Garry there are a lot of opensource ecommerce platforms out there, the solution that neto provides had direct connectors to various other applications to streamline the process of running a business online and in store however those connectors are increasingly being phased out and the cost increase of those has doubled and is now in US$. So neto is a platform that just works without too many headaches, it just became really expensive and has a lot of bugs that it shouldn’t have, has simple problems that should have been fixed years ago and it has also become a slower less responsive platform, not just in terms of online speed for end users, back end speed for business users and response times to support requests. In essence they may have grown rapidly but their platform hasn’t kept up, their support has waned and none of that equates to a reason to increase a clients costs by 500%.

Matthew Cummins
Matthew Cummins
3 years ago
Reply to  Garry

I used NOPCommerce directly before going to Neto, as that was what the business was using before I was involved. It was a piece of poo. Worst eCommerce system I’ve ever seen, almost unworkable, and with absolutely no redeeming features compared to other available platforms. Only pushed on clients by ASP programmers because it’s built in ASP, so represents an easier system to build for those who are familiar with Microsoft ASP programming rather than the more commonly used PHP. But in terms of features of the software itself or usefulness for business owners – it’s a bad joke, or at least it was when I last used it.

Maybe it’s improved in the last 5 years, it would have needed it, it was pathetic.

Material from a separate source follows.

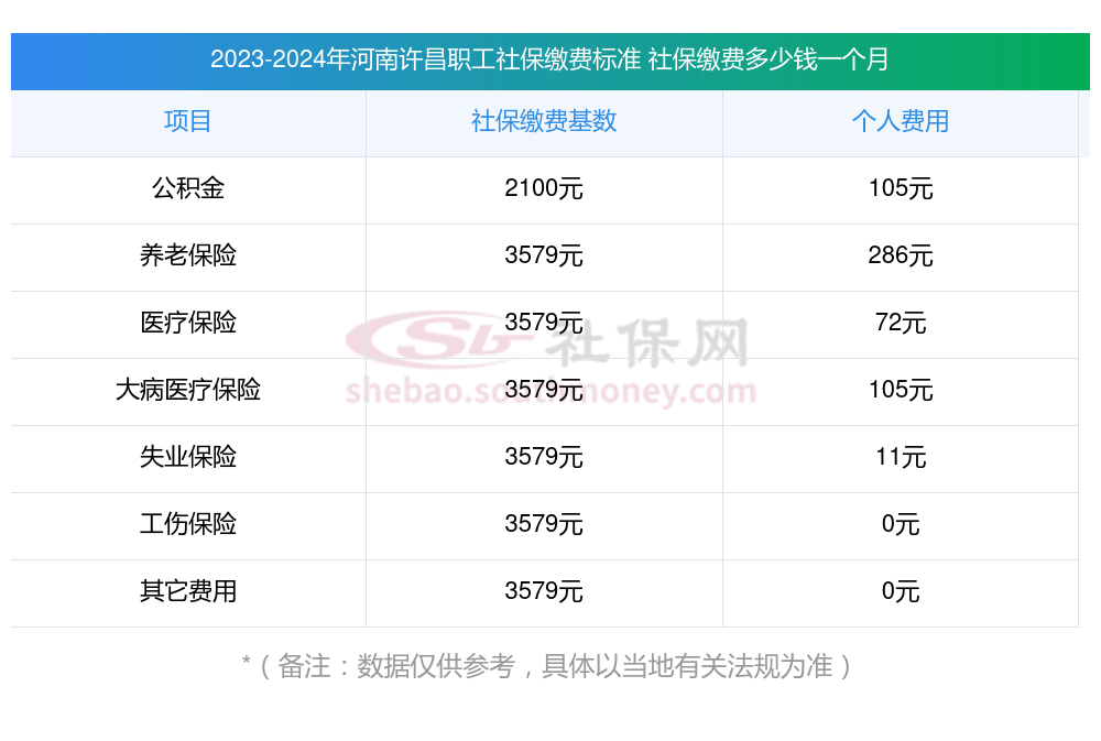 据新社通app获悉:河南许昌企业职工社保缴费基数为:3579.00元,河南许昌社保要多少钱?2025年个人社保缴费标准表(最低标准)?: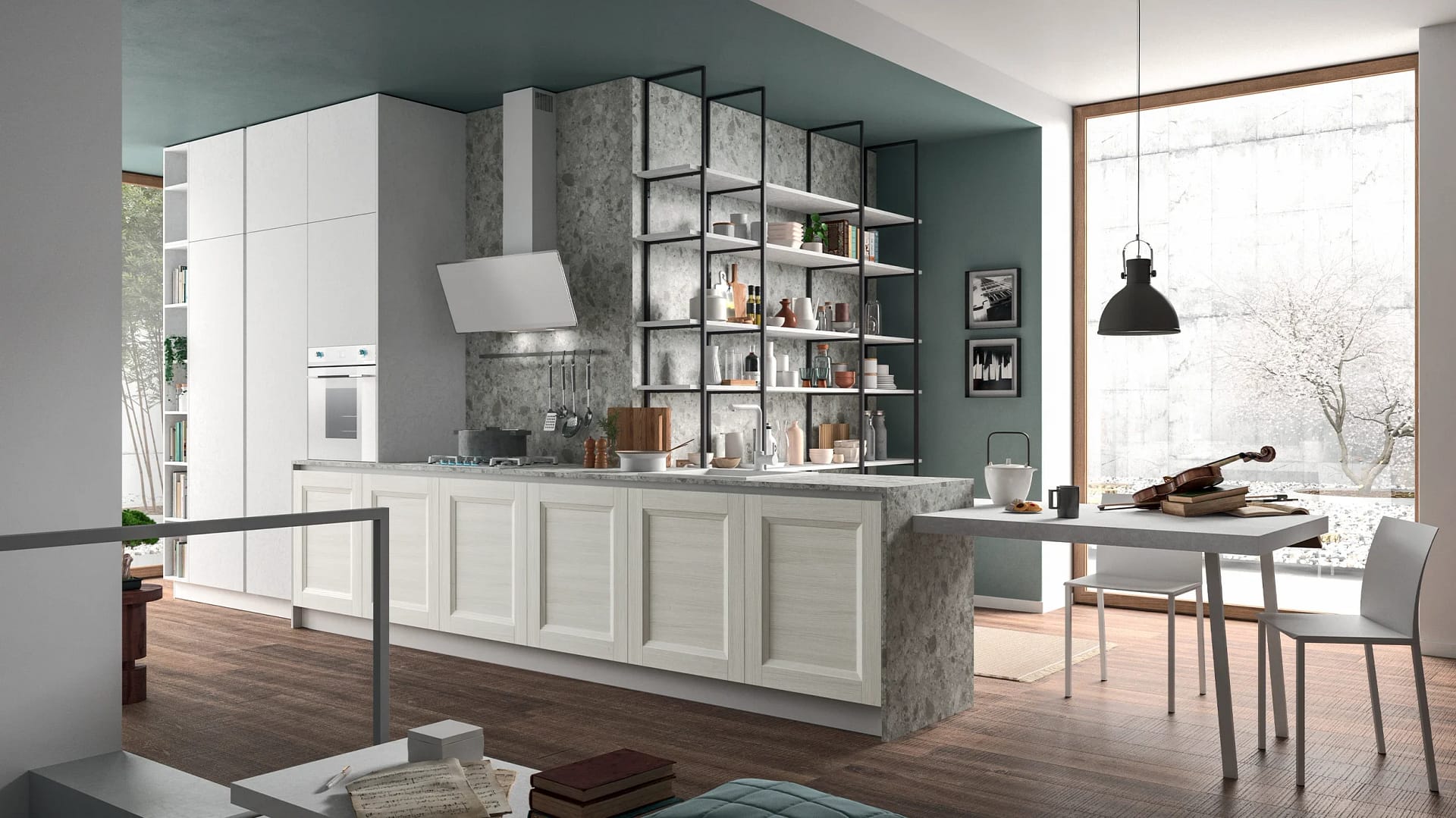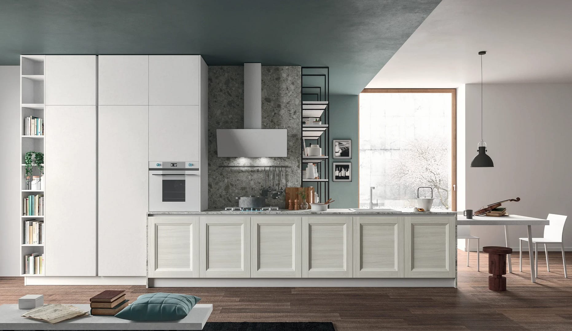 The Square Elegance - White Shaker Kitchen with Open Shelving

I’m not saying everyone should stay with Neto. For some it still represents the best option, at least for now, for others a move is in order. But in terms of what to consider if Neto is no longer for you, I’d suggest Shopify, Woocommerce, BigCommerce, Magento, Netsuite etc as viable options, depending on where you fit in the market. Possibly a few more. But not NopCommerce!

3 years ago

That you not started with a batshit crazy anti Microsoft diatribe says your 1 of those flakes that destroys business’s because your more interested in you anti Microsoft obsession than delivering a solution that address’s the clients business needs.
Shame on you!
Oh and as for the idiotic claim that PHP is more common than C#, a quick look on seek or any of the other job sites soon puts that myth to bed.